The blog post continues:

One place where art and news intersect is photojournalism. Applied there, Williams question acquires more precise reference: Are we getting the news–the real news–from the photograph? To do that, it would seem, we have to learn to recognize its poetry. And the difficult task would still remain: to see what can be found there that is not available in the photo’s reportage.

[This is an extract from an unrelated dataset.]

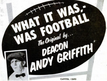 “What It Was, Was Football” is a 1953 monologue by Andy Griffith. It's a description of a college football game, as seen by a naive country preacher who attends the game by accident and is entirely puzzled by it.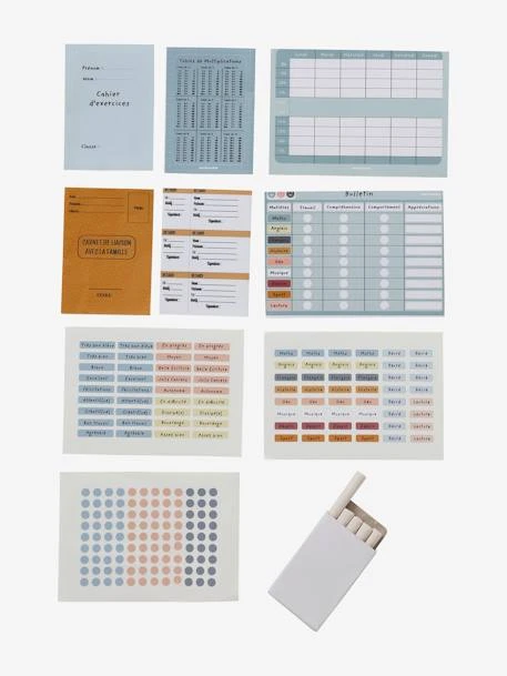 - Papeterie : cahier d’exercices avec tables de multiplications au dos, carnet de liaison, bulletin, emploi du temps. 3 planches de stickers avec pastilles colorĂ©es, matières et apprĂ©ciations pour remplir l’emploi du temps et le bulletinÂ

The force of the photograph comes in part from comparison with standard images of Buddhist serenity. All the elements are there: the still pond, isolated reeds, monk in repose, all composed in simple aesthetic harmony reflecting alignment with the cosmic order. Surely this monk is undisturbed by desire, surely he is in harmony with his natural surroundings. Although his stillness is foreign to us, there is no doubt that he is close to God.

But, of course, the photo depicts not that image but rather its terrible perversion. The pond is still but filthy; the monk is serene because dead; his union with the cosmic order has begun via the body swelling with putrefaction. In place of the harmonious life, he has died miserably.

Cynics could say that he died because he did not understand the poems he had been reading. Would Buddha have taken to the streets? Well, Buddha did take to the streets, in Burma, and now the question is what we are to learn from that. I think the news of this photograph is that Burma has been turned into an ugly, brutalized semblance of what it was. …This process of violent, destructive, brutalization is going on across the globe. Not everywhere, but in too many places. As with totalitarianism in the 20th century, it happens when modern technologies are placed in the service of a primitive will to power, and when the rest of the world stands by and watches or forgets.

And so there really is no news here after all. And that may have been Williams’ point.

Atrocity piles on atrocity and we forget the last one in the horror of the next one. How can we comprehend them all, much less remember?